Furthermore, we have identified those factors that investors in the sector should use to identify the most deliverable projects on which to focus their attention.

Finally, we have included a short summary of the various types of EfW projects being undertaken across Africa to deal with the growing problem of (and opportunities associated with) waste management. 

What is waste to energy?

In very general terms, EfW facilities (or, as they are also known, "waste to energy" or "WtE" facilities) create energy in the form of electricity and/or heat from the treatment of waste products. This is usually done by "thermally treating" (or incinerating) the waste.

Most EfW processes produce electricity or heat directly through combustion. Alternatively, they might produce a combustible fuel such as methane or methanol from the treatment of a waste product.

In addition to "mainstream" moving grate or fluidised bed thermal treatment plants, thermal treatment plants may instead involve:

In addition to "mainstream" moving grate or fluidised bed thermal treatment plants, thermal treatment plants may instead involve:

  • gasification (producing a combustible gas or syngas); or
  • pyrolysis (producing other products using high temperature decomposition).  

Non-thermal technologies include:

  • anaerobic digestion, which is ideal for treatment of vegetable matter, food waste and animal by-products, typically producing a biogas; and 
  • mechanical biological treatment, which is used primarily for dry recyclable products and solid waste, often to separate recyclable products and produce a "refuse derived fuel" with the residue.

EfW plants have been used to treat and dispose of a number of waste products, but primarily are used on:

  • municipal solid waste;
  • commercial and industrial waste;
  • food waste;
  • industrial by-products (such as bagasse produced during sugar production);
  • animal by-products and animal waste (e.g. chicken droppings); and
  • sewage.

Current state of the EfW market globally

Most EfW technology is not new. Among the 420 plus EfW plants in Western Europe and 80 plus EfW plants in the United States, there are a number of large EfW facilities which have now been in operation for three to four decades. In fact, the use of solid municipal waste to produce biogas and electricity dates back to the early 20th century. 
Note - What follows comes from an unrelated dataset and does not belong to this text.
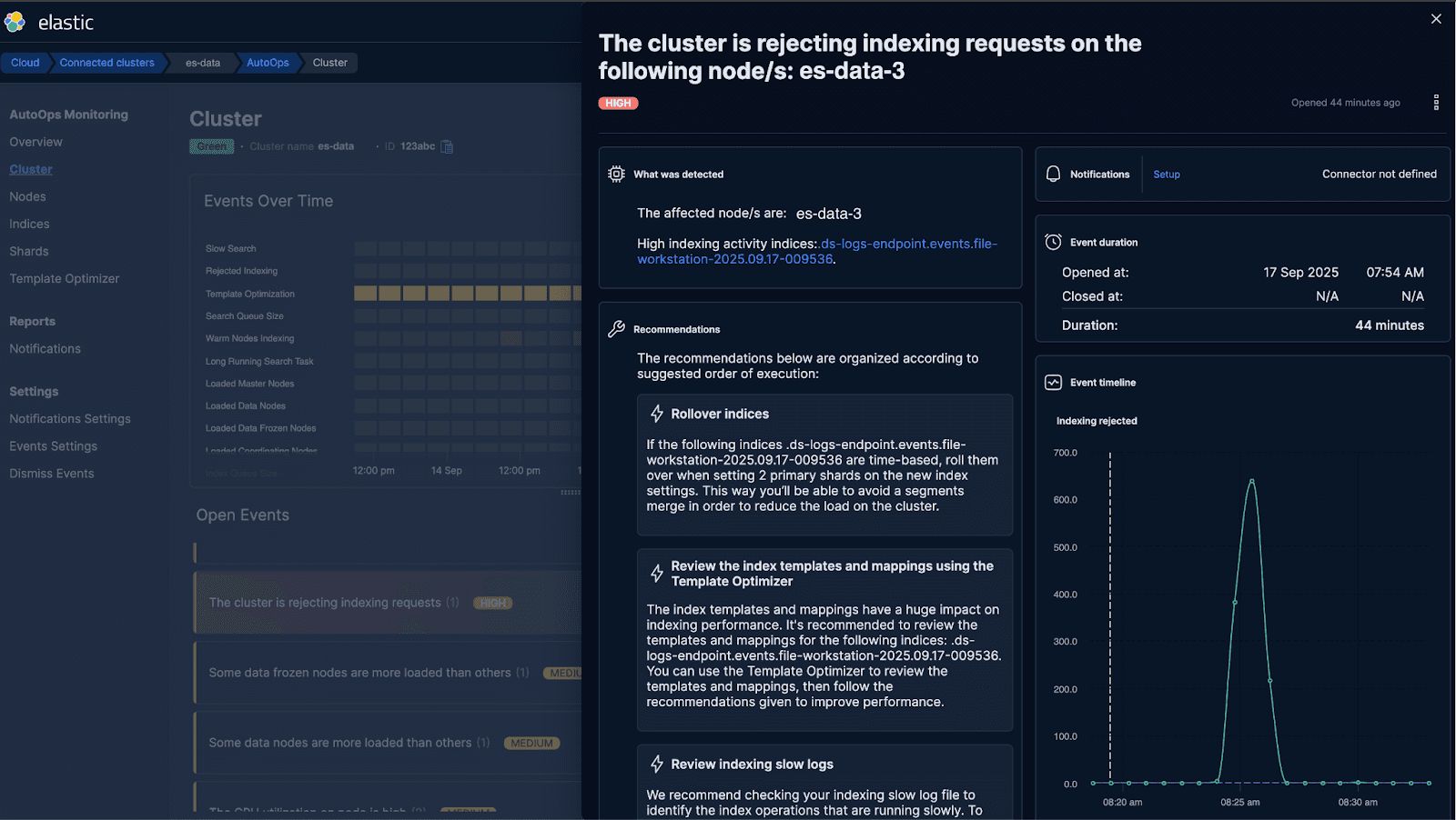Simplify your Elasticsearch operations with real-time issue detection and actionable recommendations to optimize performance and reduce costs. AutoOps is available for cloud and self-managed deployments. Learn more about AutoOps.

However, due to dwindling fossil fuel resources, the increasing focus on energy security, a greater awareness of the social and environmental hazards of poor waste management and an overwhelming global focus on reducing greenhouse gases, the development of EfW projects has increased significantly over the last 20 to 30 years. 
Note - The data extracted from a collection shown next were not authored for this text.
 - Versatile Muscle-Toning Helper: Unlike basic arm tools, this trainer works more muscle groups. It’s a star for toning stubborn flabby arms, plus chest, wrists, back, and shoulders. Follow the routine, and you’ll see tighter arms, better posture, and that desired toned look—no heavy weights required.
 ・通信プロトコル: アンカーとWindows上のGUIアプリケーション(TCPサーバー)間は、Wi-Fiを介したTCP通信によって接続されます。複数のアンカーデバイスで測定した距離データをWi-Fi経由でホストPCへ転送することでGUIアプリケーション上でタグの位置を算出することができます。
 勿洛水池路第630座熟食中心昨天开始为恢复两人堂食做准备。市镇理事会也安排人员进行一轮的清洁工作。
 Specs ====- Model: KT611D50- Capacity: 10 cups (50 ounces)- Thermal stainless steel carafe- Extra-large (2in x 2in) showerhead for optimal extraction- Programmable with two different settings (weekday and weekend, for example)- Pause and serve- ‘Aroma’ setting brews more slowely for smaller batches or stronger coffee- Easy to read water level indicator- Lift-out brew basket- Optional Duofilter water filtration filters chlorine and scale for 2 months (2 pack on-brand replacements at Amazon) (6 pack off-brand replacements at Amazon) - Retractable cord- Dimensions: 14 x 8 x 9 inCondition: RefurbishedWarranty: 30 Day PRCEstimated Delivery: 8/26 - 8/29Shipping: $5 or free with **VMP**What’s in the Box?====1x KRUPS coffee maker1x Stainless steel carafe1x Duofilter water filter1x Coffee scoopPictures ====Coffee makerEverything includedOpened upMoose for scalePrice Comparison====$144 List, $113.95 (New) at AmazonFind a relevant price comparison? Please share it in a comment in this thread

In many developing economies (e.g. many African jurisdictions, and on the Indian sub-continent), alternative and far cheaper waste management solutions have been used, as a result of greater levels of scavenging and recycling, the low cost of labour, the ready availability of landfill sites and the lack of available capital. 

However, concerns over energy security and a greater recognition of the environmental and social concerns associated with existing waste management systems have opened up greater opportunities for developers, banks and equipment manufacturers in the EfW space, particularly in the emerging markets.
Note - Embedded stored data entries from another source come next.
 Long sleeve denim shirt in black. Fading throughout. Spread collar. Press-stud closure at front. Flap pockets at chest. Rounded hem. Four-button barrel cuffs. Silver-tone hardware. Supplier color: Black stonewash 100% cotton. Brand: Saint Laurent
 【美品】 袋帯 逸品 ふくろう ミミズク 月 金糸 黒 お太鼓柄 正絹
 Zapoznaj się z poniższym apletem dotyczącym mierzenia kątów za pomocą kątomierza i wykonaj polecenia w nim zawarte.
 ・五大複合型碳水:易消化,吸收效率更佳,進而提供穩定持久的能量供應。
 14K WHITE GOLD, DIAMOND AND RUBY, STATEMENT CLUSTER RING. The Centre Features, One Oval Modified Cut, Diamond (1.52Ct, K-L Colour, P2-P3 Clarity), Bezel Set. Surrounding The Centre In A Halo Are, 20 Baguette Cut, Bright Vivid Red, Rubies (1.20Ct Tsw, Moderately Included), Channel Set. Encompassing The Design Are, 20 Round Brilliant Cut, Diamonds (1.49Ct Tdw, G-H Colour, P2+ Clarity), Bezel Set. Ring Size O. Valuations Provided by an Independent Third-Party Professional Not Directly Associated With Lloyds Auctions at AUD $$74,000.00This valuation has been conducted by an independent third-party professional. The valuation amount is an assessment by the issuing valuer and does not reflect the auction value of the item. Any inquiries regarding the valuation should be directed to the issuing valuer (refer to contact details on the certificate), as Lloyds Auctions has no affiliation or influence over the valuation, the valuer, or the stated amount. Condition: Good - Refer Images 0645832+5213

In addition, as compared to renewable electricity generated from wind turbines or solar CSP or PV panels, power generated from waste represents baseload capacity and is therefore a far more reliable and stable source of electricity (often achieving availability levels of around 90 per cent).

Challenges of waste management in Africa

Changes to demographic and social factors affecting many African countries are challenging the adequacy and sustainability of current waste management practices across the continent. In particular, African cities are facing:

  • growing populations;
  • rising incomes;
  • increasing volumes of waste arising as a result of population growth, industrialisation and modernisation;
  • limited space, particularly in expanding urban areas, over which to build or expand landfills;
  • increasing risk of disease and other health risks associated with unregulated and illegal dumping practices;
  • pressure on continued use of landfills in light of changes in views towards waste management and the environment more generally; and
  • the fiscal challenge of meeting infrastructure demands across all sectors.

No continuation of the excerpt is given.